The drawback of foam materials, however, is that they are stochastic and have a random microstructure [27]. As the microstructure of these foam materials plays a crucial role in their global behavior and properties, researchers have tried to find predictable alternatives for foams [28,29]. Lattice structures, in particular, are the subject of substantial research due to their multi-functional properties, including load carrying [30], energy absorption [31], heat exchange [32], and building materials [33]. They are created by duplicating mesoscale unit cells in three dimensions. They offer extreme design freedom to alter the geometries of unit cells in order to attain desired macro-scale material attributes for a variety of applications [34]; however, producing these complex and intricate lattice structures can be infeasible using conventional manufacturing processes, in which case, the need for advanced manufacturing comes into play [35].
Additive manufacturing (AM), also known as 3D printing, is a cutting-edge technology that enables the production of complex geometries and near-net-shape components with minimal raw material consumption [36,37,38,39]. Utilizing the benefits of 3D-printing technology, functionally graded lattice materials can be manufactured with a uniform and ordered structure, and their unit cells can be manipulated and optimized to achieve the desired mechanical properties for a specific application [40,41]. Three-dimensional printed polymeric lattice structures have been studied for their uses in energy absorption [31], building materials [33], enhanced ductility [42], and mechanical properties [43].
A wide variety of factors can significantly impact the behavior of the 3D-printed lattice parts, which would, in turn, affect their mechanical behaviors. Therefore, understanding the relation between the lattice structural parameters and mechanical performance, such as stiffness, is of vital importance for the optimization of the lattice design [44]. In this context, machine learning (ML), a subset of artificial intelligence (AI), plays a vital role by analyzing the hidden links and patterns within a given dataset. ML uses data analysis to recognize patterns and connections, enabling it to perform specific functions. ML algorithms have a greater ability to detect non-linear interaction between the parameters of an AM process, and mechanical properties such as deformation, compared to conventional methods. AI- and ML-based tools play a crucial role in hastening the advancement of new materials, production methods, and processes [45]. The methods are divided into supervised learning, where the algorithm picks up knowledge from labeled training data and assists in making predictions for unforeseen data, and unsupervised learning, where the algorithm defines how to establish relationships between features of interest by working with unlabeled data [45]. Building connections and drawing conclusions from data, systems, or frameworks, with the ability to automatically learn and improve without explicit programming, can be facilitated using ML techniques [46]. In this study, a number of lattice structures were designed and computational analyses were performed to understand the effect of lattice geometries on their mechanical stiffness.
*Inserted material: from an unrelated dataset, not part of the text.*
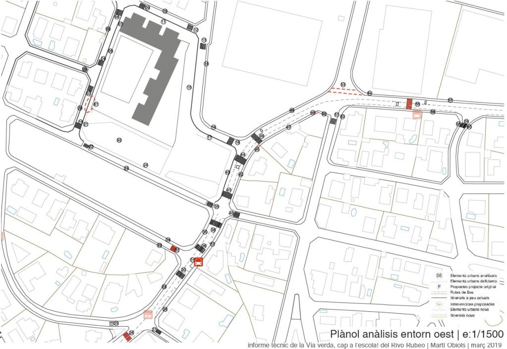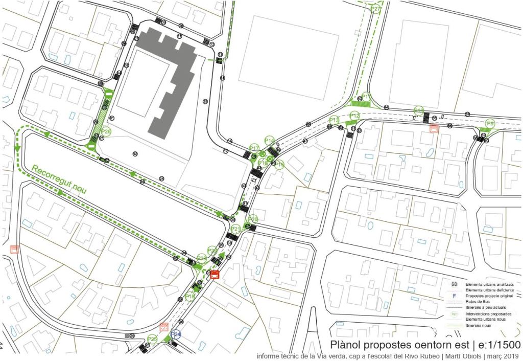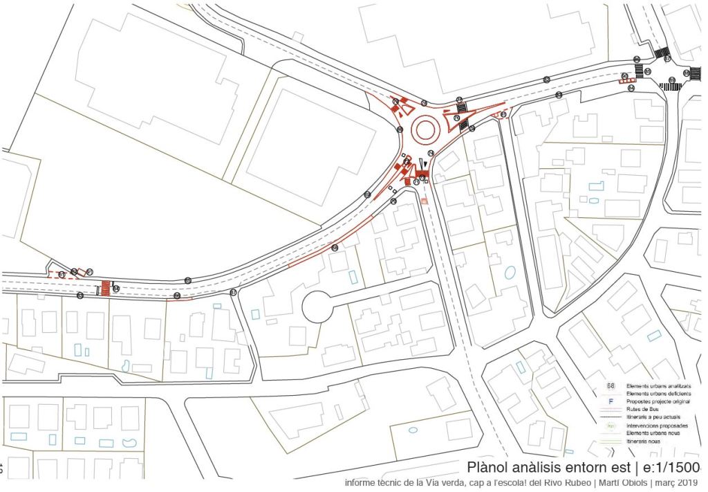 transport sostenibles, o que directament ho impossibilita. El projecte constava de 2 parts: analitzar un estudi previ que ja tenien fet, i una segona part analitzar l’entorn i formes d’accedir a l’escola i proposar-ne millores. L’Ajuntament ja va fer una primera inversió en pintura i senyalèctica a la via pública, però amb diverses mancances. El projecte proposava diverses millores possibles esgraonades amb el temps i segons urgència i pressupost. Però per l’entorn realment té moltes mancances que ni tan sols compleixen amb la normativa vigent bàsica. La proposta de màxims era pacificar de forma dràstica l’avinguda principal que porta fins a Rubí per tal de crear un passeig que convidés a caminar i recorre’l

Then, different ML algorithms were evaluated to study their performance.

2. Methodology

2.1. Data Generation

In this work, nTop (https://www.ntop.com/ (accessed on 13 November 2023), New York, NY, USA) was utilized with a non-commercial license to design a total of 360 lattice unit cells by changing five lattice parameters, namely, lattice type, cell length along the X, Y, and Z axes, and cell wall thickness. Once designed, these lattice structures were subjected to the same loading conditions using the nTop Simulation module. Then, corresponding strain deformations were recorded to form a dataset that was analyzed by ML algorithms to establish a correlation among them.
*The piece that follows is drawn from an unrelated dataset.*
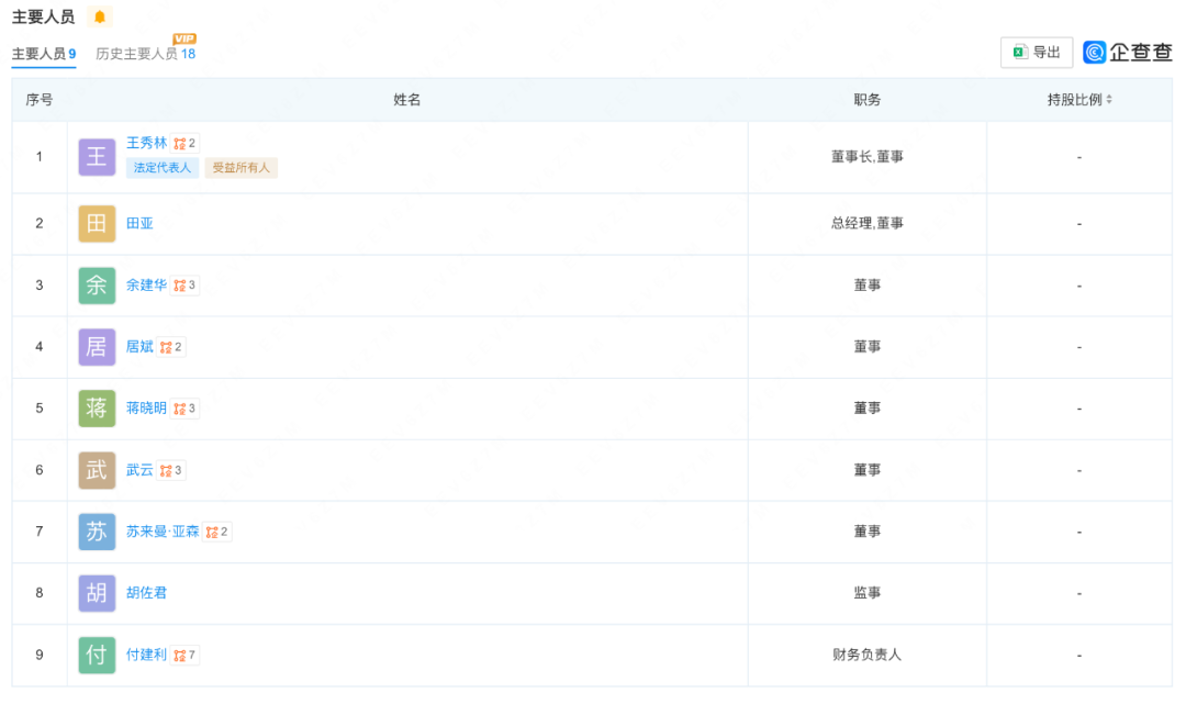 根據企查查顯示,含董事長、總經理在內共6位高層卸任。目前,主要領導為9人。其中,王秀林任董事長、田亞任總經理。

2.2. Designing Lattice Structures

Using the lattice parameters of unit cells listed in Table 1, lattice structures with a volume of 50 × 50 × 54 mm3 were designed in nTop by following the workflow outlined in Figure 1. nTop offers six walled triply periodic minimal surface or WTPMS-type unit cells and 29 graph-type unit cells, as presented in Table 2.
To design different lattice structures, a 50 × 50 × 50 mm3 cube was designed in nTop. Then, a 2 mm thick plate was added at the top and bottom surface of the cube using the “Boolean Union” block, which resulted in a single implicit body.
The next stage was to create lattice structures within that cubic body. In order to do so, the first step was to define the “Unit Cell” and the “Cell map”, both of which would be used as inputs into the “Periodic Lattice” block to create the lattices. Six types of unit cells from the “Walled TPMS (WTPMS) Unit cell” block and 23 unit cells from the “Graph Unit cell” block were used to define the unit cell of the lattices. The unit cells are listed in Table 2.
After that, the “Rectangular Cell map” block was used to create a rectangular cell map within the implicit body. The important parameter of this block was cell size, which could be varied along the X, Y, and Z axes. In our paper, 20, 25, and 30 mm were used as cell sizes along three axes. Later, the “Period lattice” block was used to generate the lattices by combining the unit cells and cell maps. Here, “thickness” is a vital parameter, and we have used 2, 3, and 4 mm in that field. Lastly, the final part for a 50 × 50 × 54 mm3 lattice structure was created by using the “Boolean Intersect” and the “Boolean Union” blocks, where the periodic lattice and single implicit body from the earlier steps were used as inputs. Figure 1 shows a 50 × 50 × 54 mm3 lattice structure with a face-centered cubic foam unit cell with a cell size of 25, 25, and 30 mm along the X, Y, and Z axes with a thickness of 3 mm.
Meshing is the method of dividing a 3D model into many elements in order to accurately define its shape. In nTop, Mesh (surface mesh), Volume Mesh, and Finite Element (FE) Mesh are the three primary types of meshes. FE Mesh is a solid mesh and is used for simulation. Our objective is to convert the implicit body designed in the previous step into an FE Mesh so that simulation can be run on that body.
nTop recommends several steps that need to be followed for the conversion process that is shown in Figure 1. First, a mesh from the implicit body was created; however, meshes usually need further refinement to reduce file size, decrease element (triangle) count, and capture fine details before they can be used for simulation. “Simplify Mesh by amount” is one such method, which reduces the number of triangles on the surface mesh, depending on the amount entered. For example, an amount input of 0.5 removes half of the mesh elements. Later, the “Remesh surface” option was used to clean the defects of the parts and to consolidate meshes into fewer elements. After that, the surface mesh was converted to the solid mesh by the “volume mesh” option and, finally, “FE Volume Mesh” was used to convert the solid mesh into FE Mesh, which was used for the simulation.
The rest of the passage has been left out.